Insight into increased bleeding events in female LVAD patients may be gleaned from other patient populations. In acute coronary syndromes, increased mortality observed in females has been attributed by some to be due to sex-specific differences in platelet activity.20 Female sex has also been found to be a risk factor for bleeding in transcatheter aortic valve implantation.21 This increased hazard of bleeding has been theorized to be due to smaller body surface area, increased frailty, and sex hormone differences.21 However, data sufficient for identifying a causal etiology for the increased bleeding in females versus males in general are lacking. As such, future studies in the LVAD patient population are needed to examine sex-specific differences in the hematologic cascades that may contribute to bleeding risk in females. In addition, well-powered studies are needed to determine whether alternative anticoagulation or antiplatelet management strategies should be employed based on sex-specific characteristics in LVAD patients.
Although the presence of a bleeding event did not confer an increased mortality in this analysis, bleeding is a source of morbidity for LVAD patients. Seemingly benign events, such as epistaxis and dental-related bleeding, led to the admission and intervention in 14% of patients. Rates of naso-oropharyngeal bleeding were almost double in females.

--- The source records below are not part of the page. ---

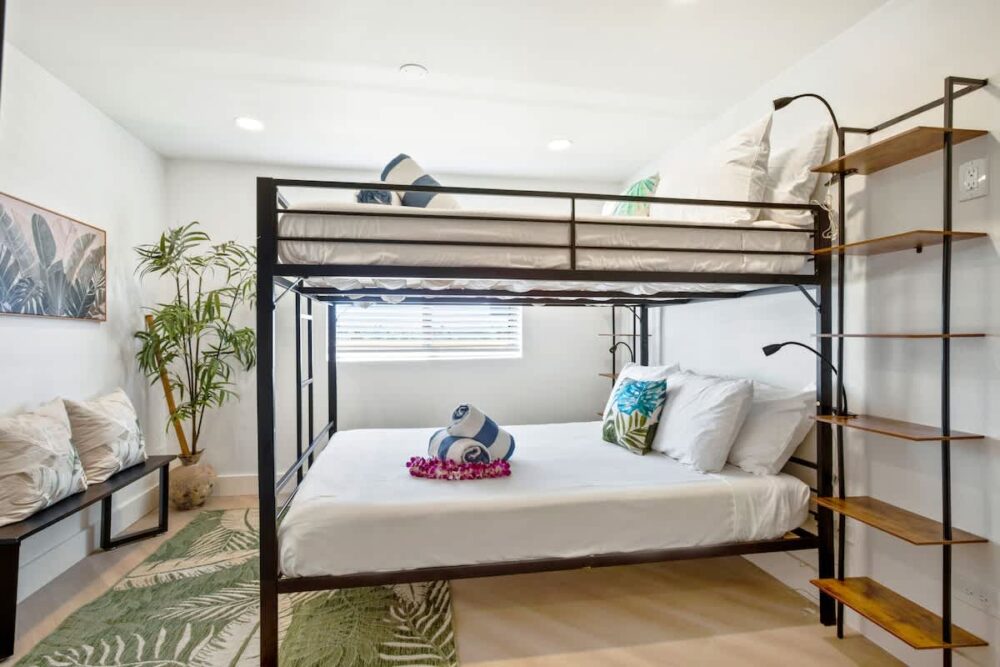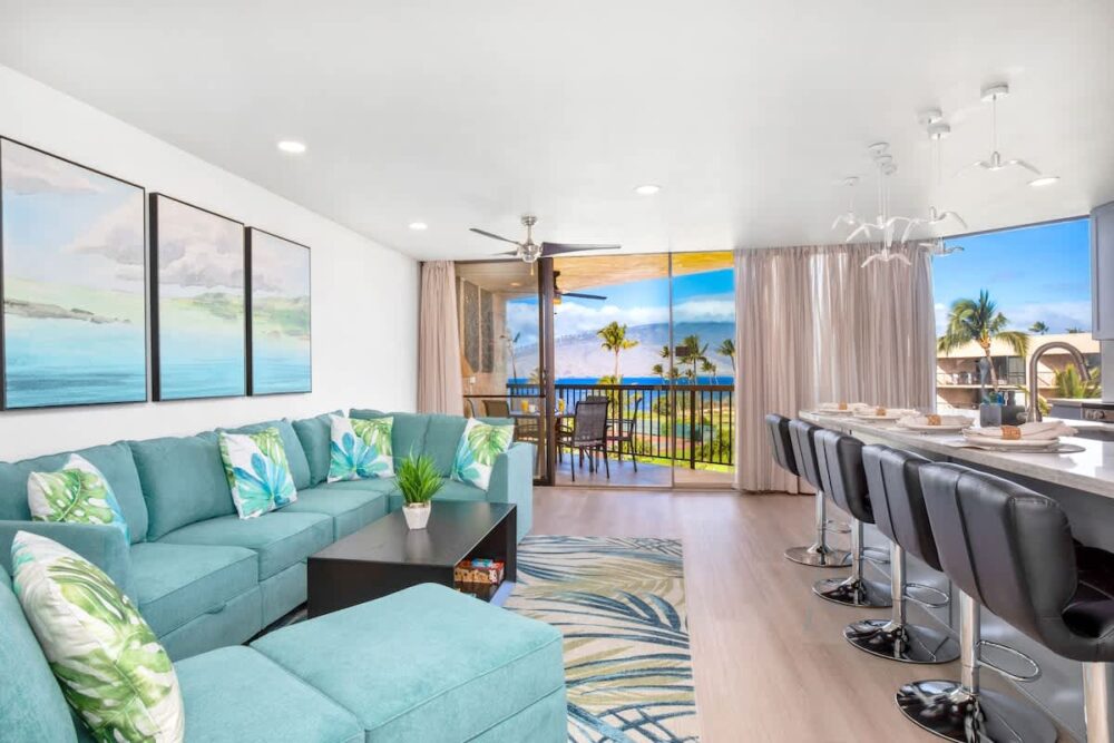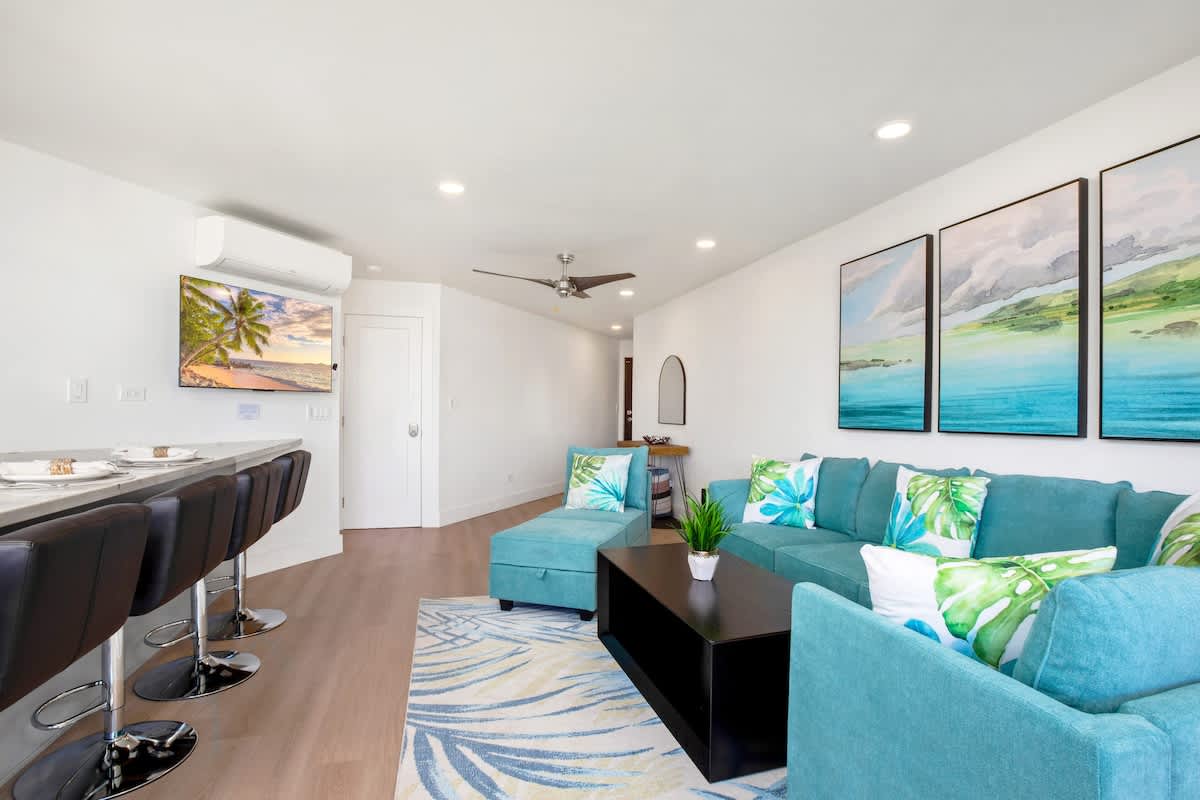 Maui Sunset offers a bright and breezy, fully renovated 5th-floor ocean-view 2BR/2BA retreat perfectly situated right on the beach, in the heart of Kihei, just steps from beautiful beaches, coastal walking paths, local shops, and great dining options. This spacious condo features a queen bed, two queen bunk beds, two walk-in showers, an in-unit washer and dryer, split AC in both bedrooms and the living room, a full kitchen with dishwasher, a comfortable sectional sofa, and a 50″ smart TV. With free Wi-Fi, free parking, and stunning sunset views from an oceanfront property known for its expansive lawn and relaxing atmosphere, this home is the perfect blend of comfort, convenience, and Maui charm!
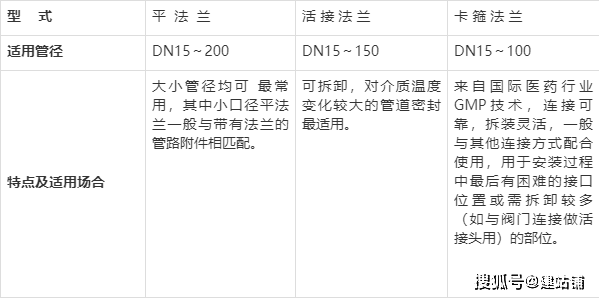 ④上述平法蘭、卡箍法蘭與配管連接采用氬弧焊(TIG)焊接。用活接法蘭,配管端口需預(yù)先翻邊。各種法蘭連接的適用范圍(見表二)。
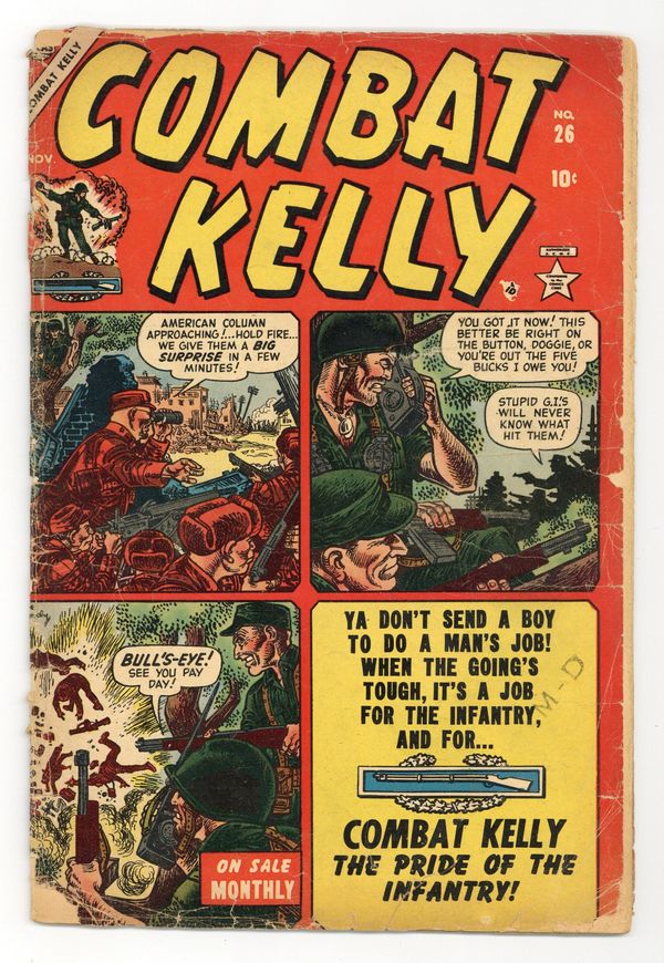 Combat Kelly in three untitled stories (art on all by Dave Berg). Back-up story, "The Four F's of Combat Fighting" (art by Vic Carrabotta). Joe Maneely cover. Cover price $0.10.
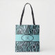 Bolsa Tote Teal e Preto de Flores-de-Zebra Monogramas Stripe
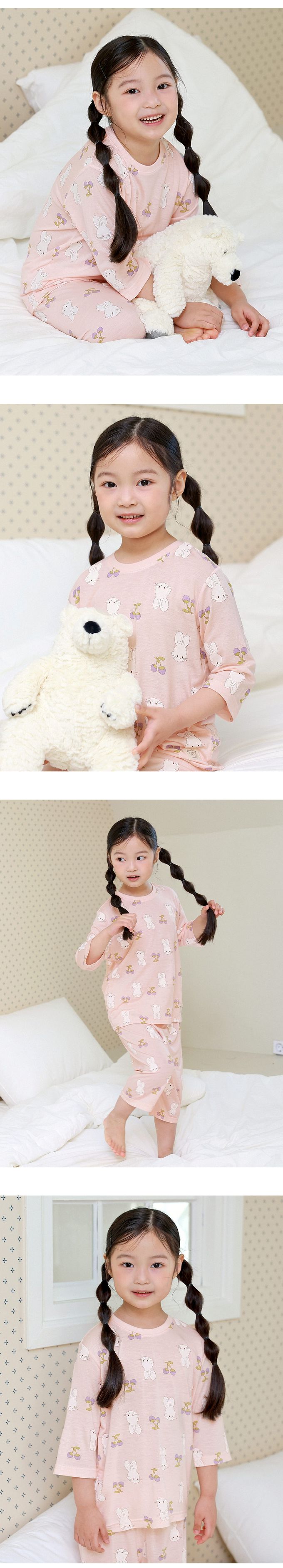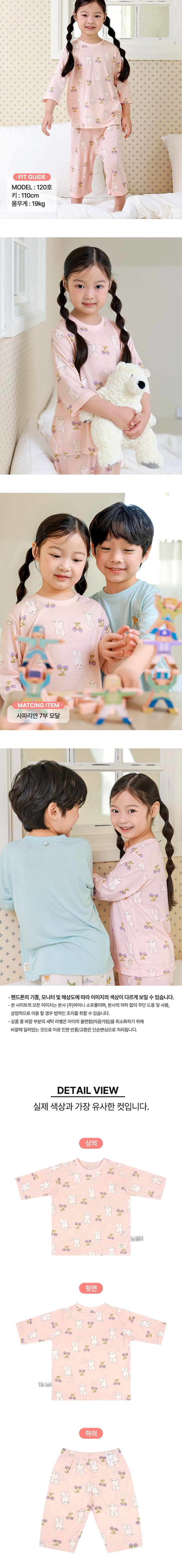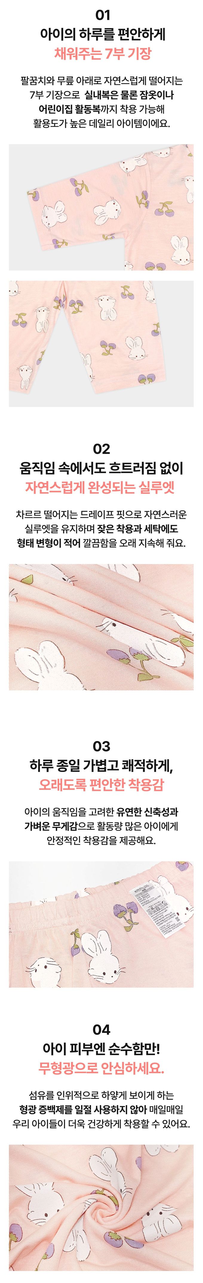 (01.) 帶來舒適體驗的七分袖長度。袖口與褲管自然落於手肘與膝下,不僅適合作為居家服,亦可作為睡衣或幼兒園活動服

Others have also identified an increased risk of bleeding in LVAD patients during dental surgery22 and routine noncardiac surgeries23 compared with the general population. Because the definitions used in this analysis required admission or intervention, it is likely that the impact of mucosal bleeding in this patient cohort on patient morbidity is underestimated. Quality-of-life metrics, although not employed in this analysis, would be an important addition to future assessments of bleeding in males and females on LVAD support.
This study has limitations inherent to its retrospective, single-center design, including that of statistical power. Small patient numbers limited the number of covariates entered into the multivariable regression analysis. In addition, although our center follows a standardized anticoagulation and antiplatelet protocol, the analysis lacked data granularity on patient drug regimens, time in therapeutic range, INRs, platelet counts, and measure of platelet function at the time of bleeding events. Further, we did not track which female patients were postmenopausal or surgically sterilized.
Clinically significant bleeding impacted 57% of LVAD patients in this cohort within 2 years of device implant. Females on LVAD support had a 60% adjusted higher risk of bleeding than their male counterparts with significant morbidity encountered from mucosal (GYN and oral–nasopharyngeal) bleeding. Future analyses aiming to identify an optimal anticoagulation or antiplatelet regimen for females on LVAD support are warranted. Premenopausal women should work closely with their gynecologist before LVAD implant to determine a plan for menses control. Finally, although mortality on LVAD support is similar in males and females, several studies have now demonstrated differences in bleeding risk. Thus, more studies with a larger number of female patients are needed to better understand the sex-specific outcomes after LVAD implantation and the impact thereof on quality of life during long-term LVAD support.